Assignment: Every line below needs to be printed again exactly, without any of its pictures.

*** Data excerpts Section Begins ***

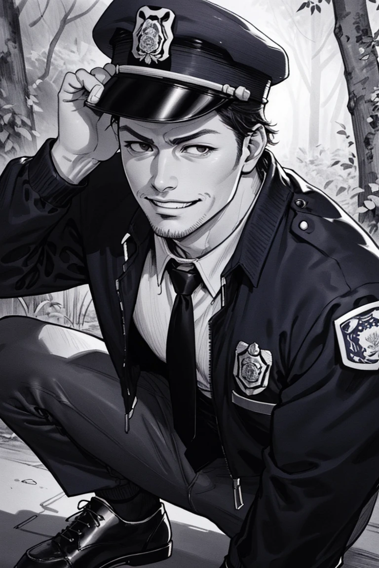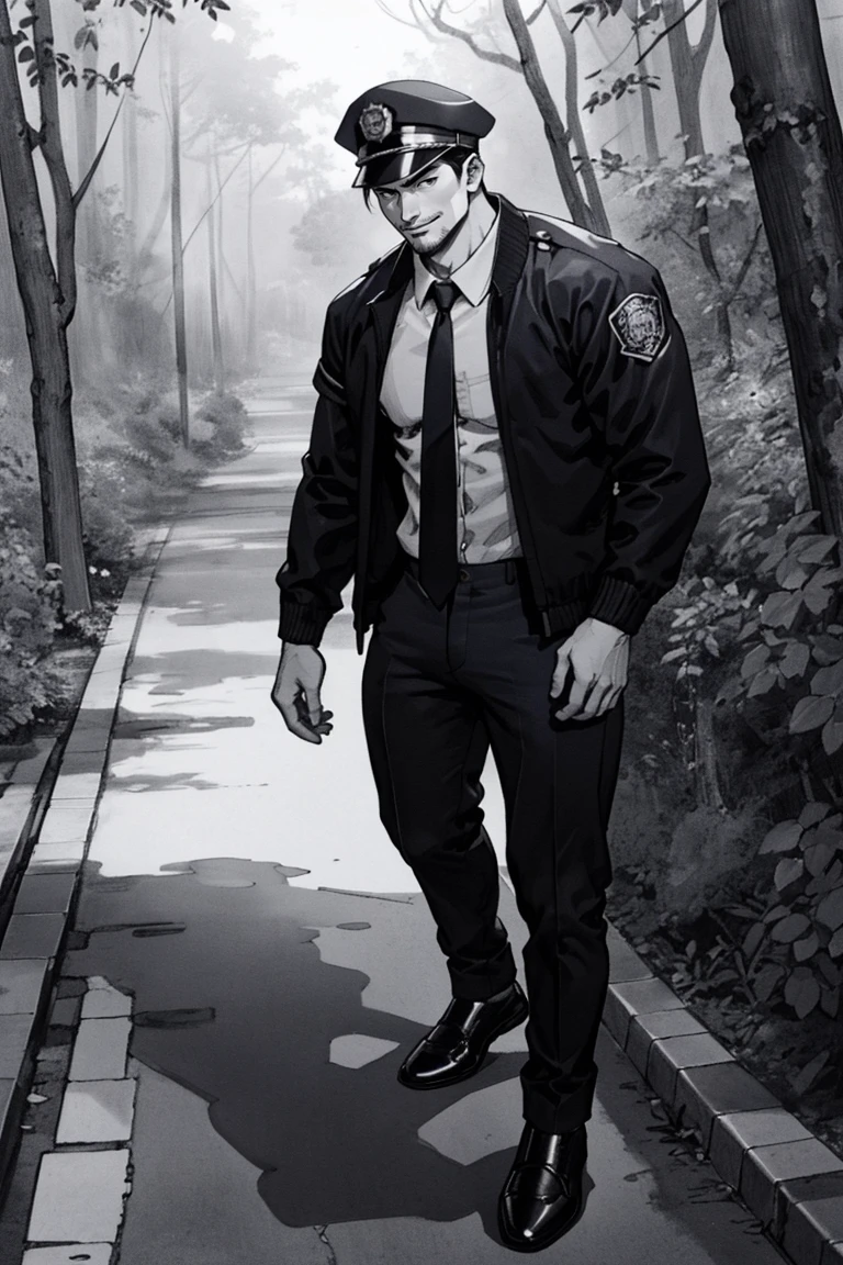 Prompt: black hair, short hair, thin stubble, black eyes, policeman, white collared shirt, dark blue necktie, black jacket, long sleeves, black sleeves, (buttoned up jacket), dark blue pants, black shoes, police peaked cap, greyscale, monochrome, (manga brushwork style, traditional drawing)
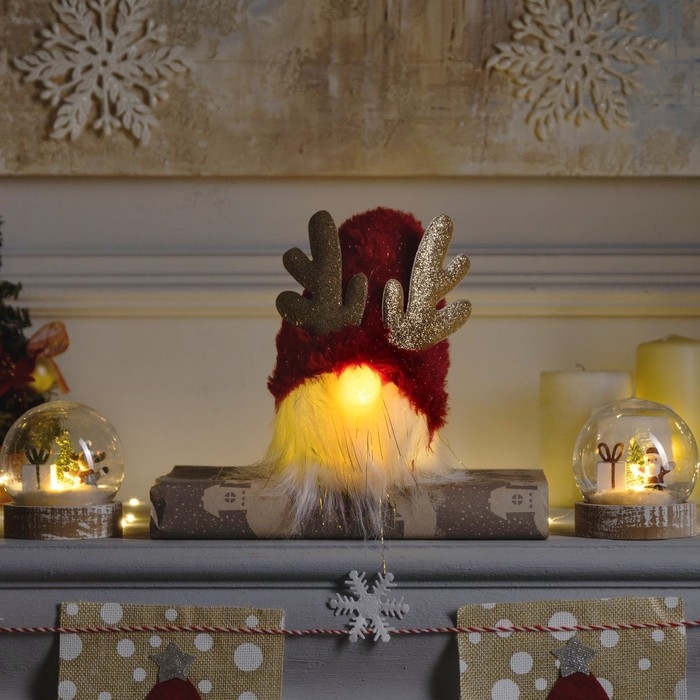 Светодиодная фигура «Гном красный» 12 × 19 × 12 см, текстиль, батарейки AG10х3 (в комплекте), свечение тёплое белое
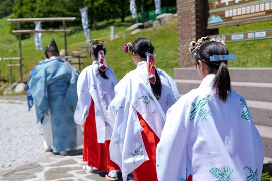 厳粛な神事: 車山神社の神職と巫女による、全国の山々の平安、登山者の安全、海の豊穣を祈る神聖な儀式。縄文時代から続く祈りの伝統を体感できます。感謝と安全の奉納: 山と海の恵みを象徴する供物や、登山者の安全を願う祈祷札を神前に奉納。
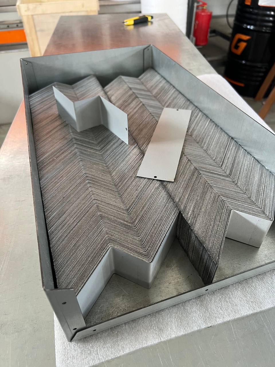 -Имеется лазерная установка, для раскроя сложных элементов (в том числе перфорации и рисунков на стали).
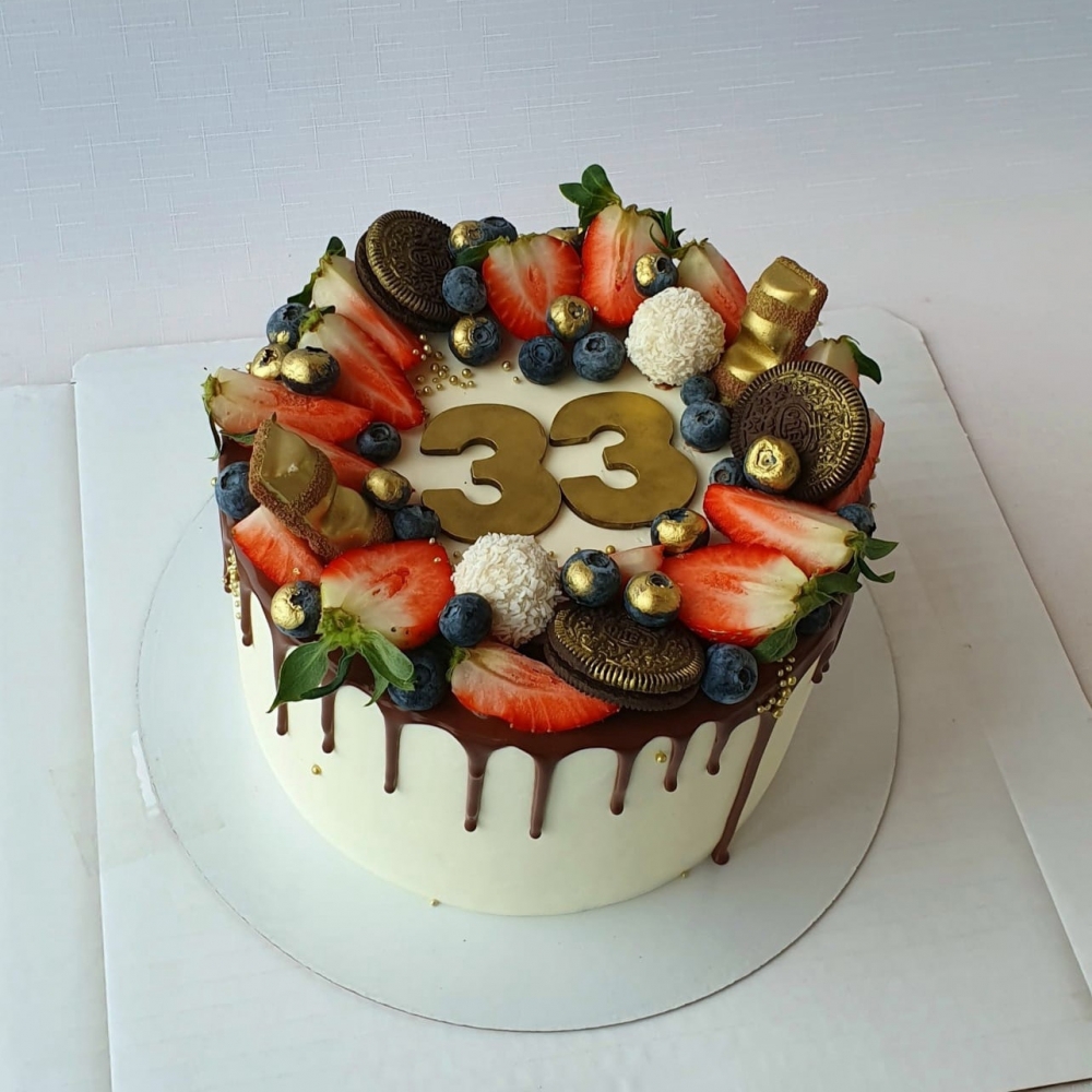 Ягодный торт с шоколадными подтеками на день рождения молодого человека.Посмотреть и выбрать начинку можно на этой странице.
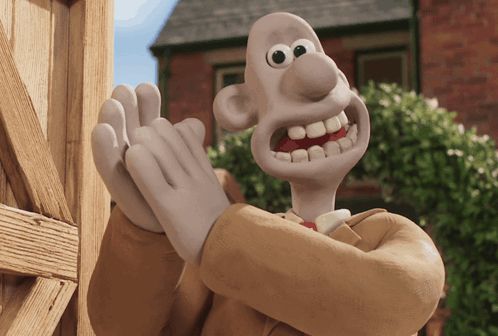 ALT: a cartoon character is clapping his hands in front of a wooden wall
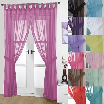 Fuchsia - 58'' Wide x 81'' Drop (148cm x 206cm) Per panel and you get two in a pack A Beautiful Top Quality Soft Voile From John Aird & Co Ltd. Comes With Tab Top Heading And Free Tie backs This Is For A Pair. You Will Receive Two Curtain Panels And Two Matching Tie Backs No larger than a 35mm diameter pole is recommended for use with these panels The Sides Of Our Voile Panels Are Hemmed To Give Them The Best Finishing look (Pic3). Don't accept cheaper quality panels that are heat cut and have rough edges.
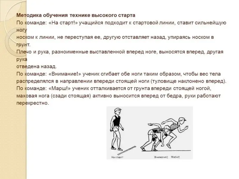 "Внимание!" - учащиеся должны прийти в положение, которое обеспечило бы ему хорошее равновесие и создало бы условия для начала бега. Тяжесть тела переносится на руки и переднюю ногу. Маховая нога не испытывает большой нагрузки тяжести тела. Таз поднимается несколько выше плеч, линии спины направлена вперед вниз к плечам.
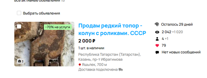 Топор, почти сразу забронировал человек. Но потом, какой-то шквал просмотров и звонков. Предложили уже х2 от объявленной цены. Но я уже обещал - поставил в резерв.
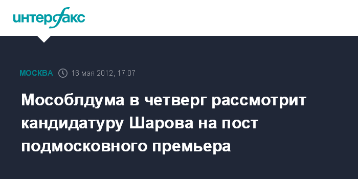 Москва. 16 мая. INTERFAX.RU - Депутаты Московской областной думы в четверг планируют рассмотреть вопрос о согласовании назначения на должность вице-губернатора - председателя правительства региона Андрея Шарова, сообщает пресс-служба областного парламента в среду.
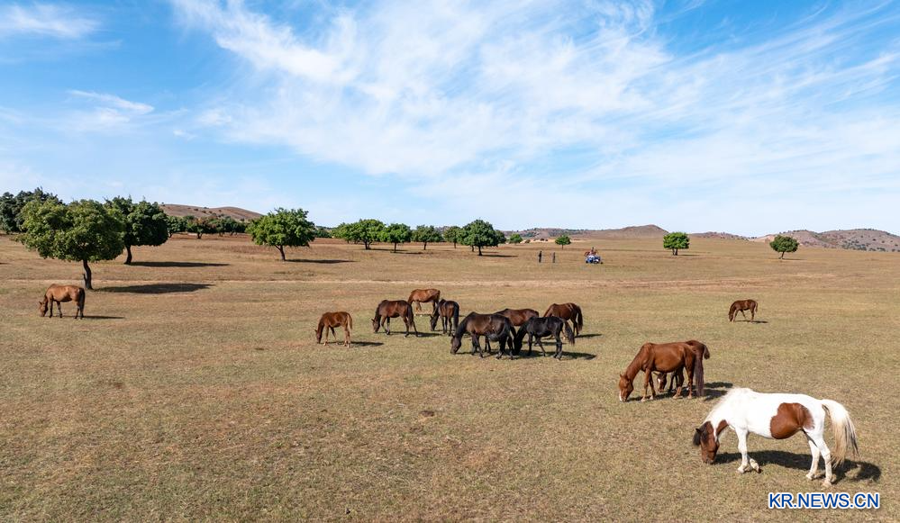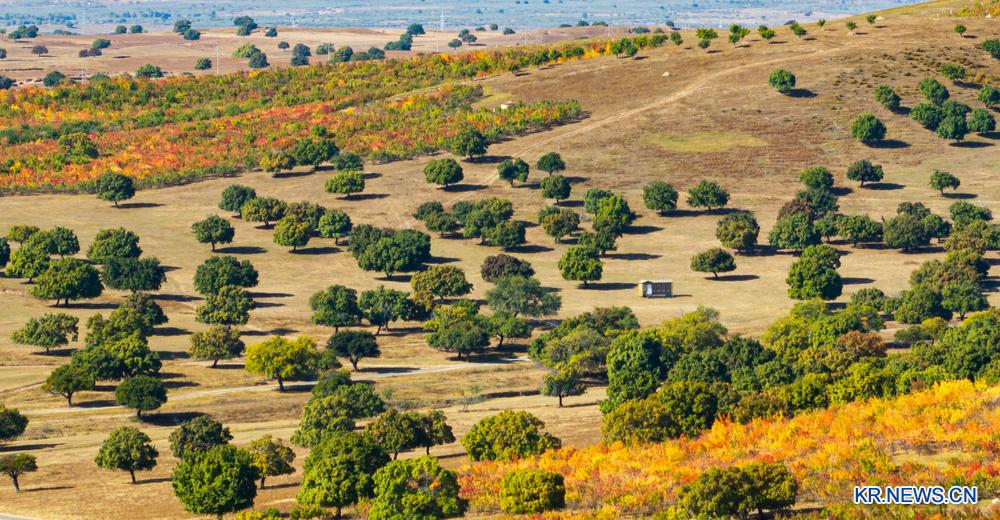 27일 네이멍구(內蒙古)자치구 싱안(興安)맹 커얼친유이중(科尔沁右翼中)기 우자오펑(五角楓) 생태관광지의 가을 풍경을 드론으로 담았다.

*** Data excerpts Section Ends ***

Result below:
 Prompt: black hair, short hair, thin stubble, black eyes, policeman, white collared shirt, dark blue necktie, black jacket, long sleeves, black sleeves, (buttoned up jacket), dark blue pants, black shoes, police peaked cap, greyscale, monochrome, (manga brushwork style, traditional drawing)
 Светодиодная фигура «Гном красный» 12 × 19 × 12 см, текстиль, батарейки AG10х3 (в комплекте), свечение тёплое белое
 厳粛な神事: 車山神社の神職と巫女による、全国の山々の平安、登山者の安全、海の豊穣を祈る神聖な儀式。縄文時代から続く祈りの伝統を体感できます。感謝と安全の奉納: 山と海の恵みを象徴する供物や、登山者の安全を願う祈祷札を神前に奉納。
 -Имеется лазерная установка, для раскроя сложных элементов (в том числе перфорации и рисунков на стали).
 Ягодный торт с шоколадными подтеками на день рождения молодого человека.Посмотреть и выбрать начинку можно на этой странице.
 ALT: a cartoon character is clapping his hands in front of a wooden wall
 Fuchsia - 58'' Wide x 81'' Drop (148cm x 206cm) Per panel and you get two in a pack A Beautiful Top Quality Soft Voile From John Aird & Co Ltd. Comes With Tab Top Heading And Free Tie backs This Is For A Pair. You Will Receive Two Curtain Panels And Two Matching Tie Backs No larger than a 35mm diameter pole is recommended for use with these panels The Sides Of Our Voile Panels Are Hemmed To Give Them The Best Finishing look (Pic3). Don't accept cheaper quality panels that are heat cut and have rough edges.
 "Внимание!" - учащиеся должны прийти в положение, которое обеспечило бы ему хорошее равновесие и создало бы условия для начала бега. Тяжесть тела переносится на руки и переднюю ногу. Маховая нога не испытывает большой нагрузки тяжести тела. Таз поднимается несколько выше плеч, линии спины направлена вперед вниз к плечам.
 Топор, почти сразу забронировал человек. Но потом, какой-то шквал просмотров и звонков. Предложили уже х2 от объявленной цены. Но я уже обещал - поставил в резерв.
 Москва. 16 мая. INTERFAX.RU - Депутаты Московской областной думы в четверг планируют рассмотреть вопрос о согласовании назначения на должность вице-губернатора - председателя правительства региона Андрея Шарова, сообщает пресс-служба областного парламента в среду.
 27일 네이멍구(內蒙古)자치구 싱안(興安)맹 커얼친유이중(科尔沁右翼中)기 우자오펑(五角楓) 생태관광지의 가을 풍경을 드론으로 담았다.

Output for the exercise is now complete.